The technical problem to be solved by the present invention is to provide an omnidirectional mobile transfer robot, which can move and work flexibly and quickly in narrow and crowded places, realize accurate positioning and navigation, object detection, loading and unloading, detection of objects and Transshipment of the item solves the problem of insufficient demand for manual receiving and loading and damage to the goods caused by manual loading and unloading, and can realize the characteristics of continuous and large-scale sorting of goods.

The present invention solves the above-mentioned technical problems through the following technical solutions: an omnidirectional mobile transfer robot, including a mobile chassis, a carrier, a rotating mechanism, a lifting mechanism, a manipulator, a visual system, a laser sensor, a control system and a charging system, The loading rack is located above the mobile chassis, the lifting mechanism is located in front of the loading rack and connected with the rotating mechanism and the mobile chassis, the manipulator is connected with the lifting mechanism through the rotating mechanism, the control system and the charging system are located in the mobile chassis, and the laser sensor is fixed on the bottom of the mobile chassis. At the lower left of the front and rear parts, the vision system is fixed on the mobile chassis and manipulator.

Preferably, the mobile chassis includes a servo motor, a mecanum wheel, a coupling, and a motor bracket, and is the main body of the omnidirectional mobile transfer robot. The servo motor is fixed on the motor bracket, and one end of the coupling is connected to the servo The motor is connected, the motor bracket is connected with the mobile chassis, there are four mecanum wheels on the mobile chassis, and each mecanum wheel is controlled by a servo motor respectively.

Preferably, the mecanum wheels are mecanum wheels, which enable the robot to move in all directions, and each mecanum wheel is controlled by a motor, which can realize point-to-point movement of the chassis in any direction, and the motor is a servo motor.

Preferably, the lifting mechanism includes a column, a synchronous pulley, a gear, a gear shaft, a deep groove ball bearing, a second bearing seat, a motor, a guide rail, a slider, and the synchronous pulley is matched with the gear and fixed to the square plate, and the gear is connected to the The gear shaft is connected, the gear shaft is matched with the deep groove ball bearing, the deep groove ball bearing is matched with the second bearing seat, the second bearing seat, the motor and the guide rail are all fixed on the column, the slider is matched with the guide rail, and the square board connection.

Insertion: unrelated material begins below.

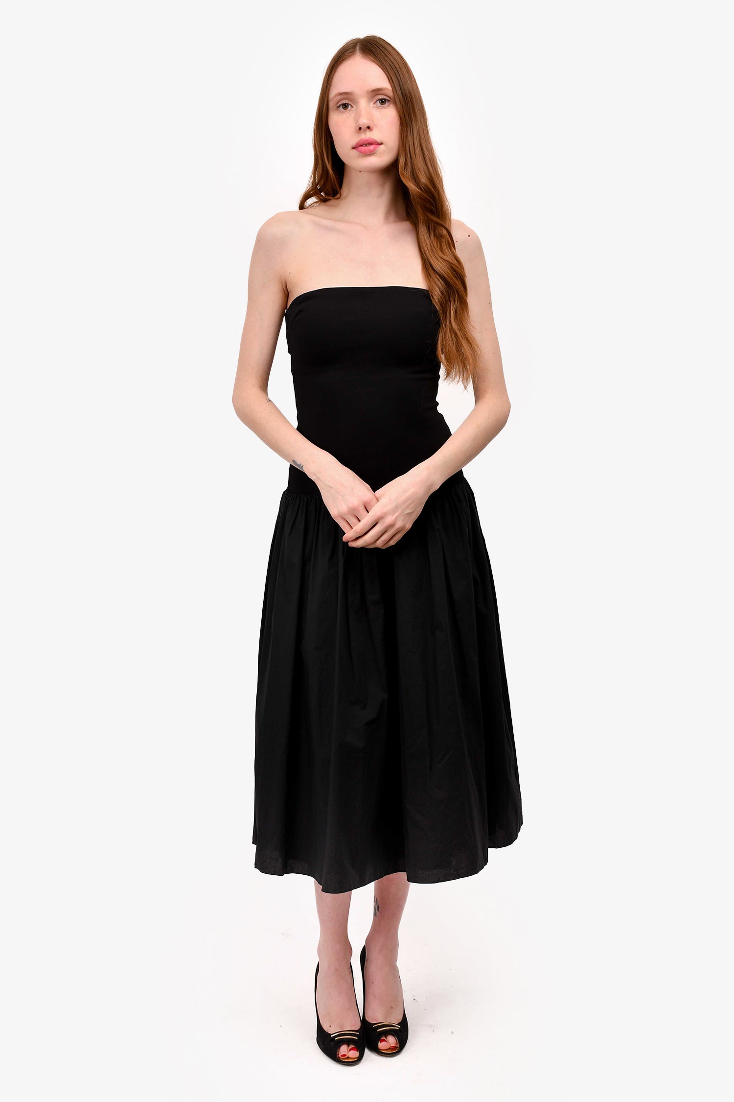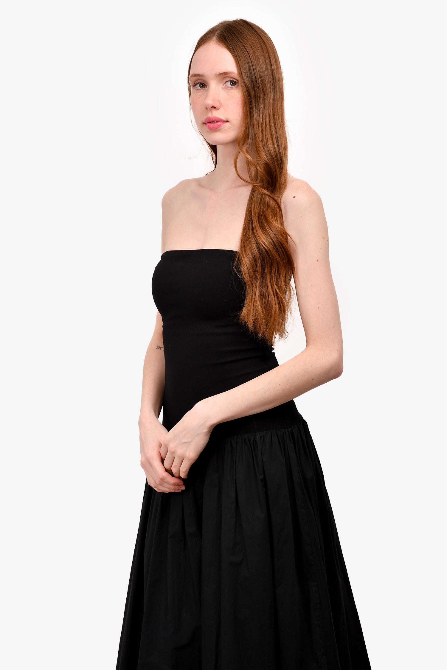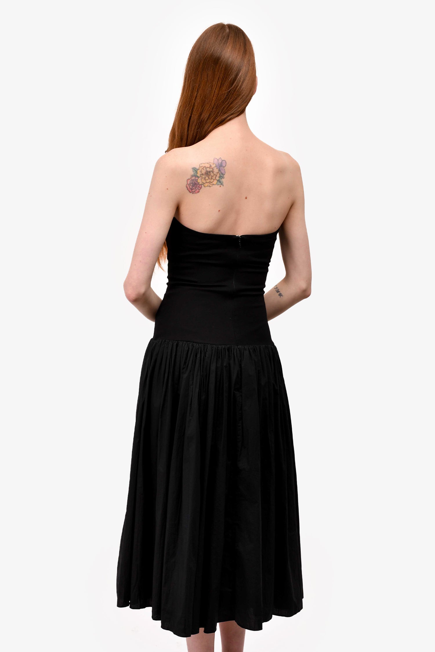 Refresh availabilityNicholas Black Strapless 'Jaxon' Maxi Dress. Back zip closure. Lined. Drop waist skirt. Pleated waist down. Tonal stitching.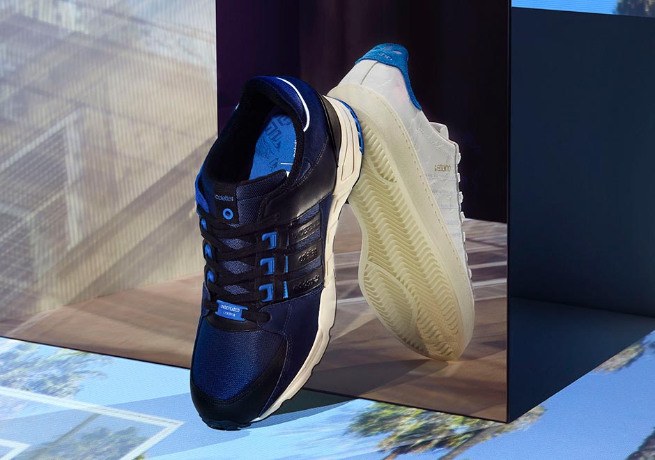 Za zaprojektowanie poniżej prezentowanych butów adidas EQT Support 93 oraz modelu Campus 80s odpowiedzialne są dwa sklepy z dwóch krańców świata. Mowa tu o paryskim colette oraz Undefeated z Los Angeles. Ten pierwszy model został zrobiony w dość ponury sposób, ponieważ łączy bardzo ciemny granat z czernią i jedynie lacelock czy oczka na sznurówki mamy niebieskie, a całość osadzono na białej podeszwie. Z kolei jeśli zerkniemy na Campusy to od razu widzimy tu talent francuzów do prostoty i charakterystycznego dla nich połączenia bieli z kolorem niebieskim. Warto zwrócić uwagę na detale, trzy paski po boku czy branding każdej ze stron.

Preferably, the column is a cuboid with a square cross-sectional area, and the motor is a right-angle reducer.

Preferably, the rotating mechanism includes a rotating shaft, a worm gear motor, a coupling, a thrust bearing, and a first bearing seat, the rotating shaft is located at the center of the column and connected thereto, and the worm gear motor is fixed at the bottom of the column And it is connected with one end of the shaft coupling, the other end of the shaft coupling is connected with the rotating shaft, the thrust bearing is fixed with the mobile chassis and cooperates with the rotating shaft, the thrust bearing is located on the first bearing seat, and the first bearing seat is fixed on the bottom of the column.

Preferably, the control system includes an industrial computer, a controller, and a fan. The industrial computer is located on the left side of the middle of the mobile chassis, the controller is fixed on the right side of the mobile chassis, and the fan is located at the front of the mobile chassis. The control system involves transmission Sensor technology, drive technology, control theory and control algorithms are used to analyze and issue data from mobile chassis, manipulators, control systems, vision systems and laser sensors.

Preferably, the controller is a PLC programmable controller.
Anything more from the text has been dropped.